寒さが戻ったまま、大阪は雨模様の日が続き、傘が手放せません。春は近くて遠いようです。

さて、平安時代というとどんな情景を想像されるでしょうか。十二単の「お姫さま」、紙に和歌を書いて送り思いを交わし合う恋愛、「源氏物語」、宇治の平等院に見られるような極楽浄土への生まれ変わりを願う信仰の厚い人々がいる・・・・このあたりは全て貴族層のことですね。

ふと思い立って調べてみると、平安時代の貴族層(五位以上の官人とその家族とします)は諸説ありますが1000人前後とか。平安京の人口で数十万と考えられていて、その1%にも足らず、また支配地域は現代と異なりますが「日本」の人口に占める割合だと更に少なくなります。そんな一握りの人々の営んでいた政治・文化の印象で語られる平安時代。わたしたちは超セレブにしか目を向けていないのですね。

源氏物語の中でも、光源氏と正妻葵の上、夕霧と正妻雲居の雁はそれぞれいとこ同士で結婚。それぐらい血筋的に近い人しか身分の釣り合いが取れる相手がいなかったとも言えます。光源氏が明石に隠棲した際に現地で明石の上を娶った「例」や受領として地方に任官した人がその土地の有力者の女性を娶るというようなこともあったでしょうから、多少新しい血も入ってきていたでしょうが、中々狭い世界ですね。

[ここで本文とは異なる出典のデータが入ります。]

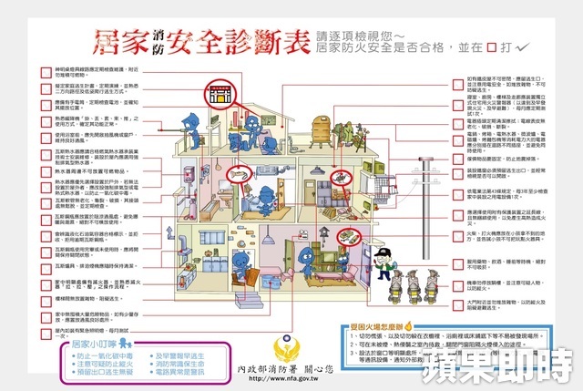 內政部強調,排除危險因子過好年:民眾可參考內政部所製作的「居家消防安全診斷表」檢查並排除家中易致災害的危險因子,平安團圓過好年。(政治中心/台北報導)

一方少し後の時代になるとは思いますが、今昔物語集(芥川龍之介の「羅生門」も参考になるかと)にあるように、庶民の暮らしはかなり厳しかったと思われます。こうやって考えると、平安時代→雅な時代、とも言えないようです。最近、小説や漫画などの創作物ではタイムトラベルや転生の要素を持ったものが流行っているようですが(現代の知識を持ったまま移動して優位性を行使できる、というのが特徴とか。一時代前の、主人公が努力して何かを達成していく、という設定はもうあまり受けないそう)、万が一平安時代に行ってしまうなら、上級貴族のお屋敷で過ごせる設定になってほしいです(ってもしもしそんなことが可能なら、わたしは奈良に都があった時代に行きたいですが)。

今日の菓銘は「ひなの袖」。
時期が時期だけに雛祭りのことを書こうと思ったのですが、上巳の節句からの変容が大きすぎ、近年の雛祭りが意味不明なものという結論になってしまうことに加え、昨今はよい結婚ができるように、とか早くお雛様を片付けないと嫁き遅れるといったことが急速に重要視されなくなってきていることもあり、もう数年動きを観察してみるのも面白いかと思っております。雛祭りは10年後くらいにどのようになっているでしょうか・・・。

寒さが長引くからか、周りでは体調を崩される話をよく聞きます。どうぞお大事になさってお過ごしください。